Dresden Zoo or Zoo Dresden, is a zoo situated in the city of Dresden, Germany. It was opened in 1861, making it Germany's fourth oldest zoo. It was originally designed by Peter Joseph Lenné.

The zoo is located on the southern edge of the Großer Garten (Great Garden), a large city centre park. The zoo houses about 3000 animals of almost 400 species, especially Asian animals. It is a member of the World Association of Zoos and Aquariums (WAZA) and the European Association of Zoos and Aquaria (EAZA).

The zoo is served on its southern side by tram lines 9 and 13 of the Dresdner Verkehrsbetriebe, the local municipal transport company. On its northern side is the Zoo station of the Dresdner Parkeisenbahn, a minimum gauge railway through the Großer Garten that is largely operated by children.

In Literature
At the end of the short story "Tobermory" (1909) by Saki, the visiting Englishman Cornelius Appin is killed by an elephant at the Dresden Zoological Garden.
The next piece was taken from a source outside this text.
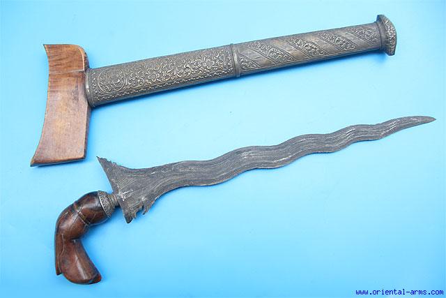 This very good Bugis Keris Dagger has a waving blade blade 14 ½ inches long, with clear pamor structure. Wood grip with silver mendak. The scabbard is covered with finely chased brass. Total Length 18 ½ inches. Very good condition. Age cracks on the grip. |

In the novel "Extremely Loud & Incredibly Close" (2005) by Jonathan Safran Foer, the character Thomas Schell is told to shoot all of the carnivores that had escaped from their cages during Dresden's bombing of World War II. He didn't know which were carnivorous and which weren't, so he was told to kill them all. The animals he killed included an elephant, an ape, two lions, a bear cub, a camel, a rhinoceros, a zebra, a giraffe, and a sea lion.

References

External links

Official web site of Dresden Zoo (in German)
Web site of the Friends of Dresden Zoo (in German)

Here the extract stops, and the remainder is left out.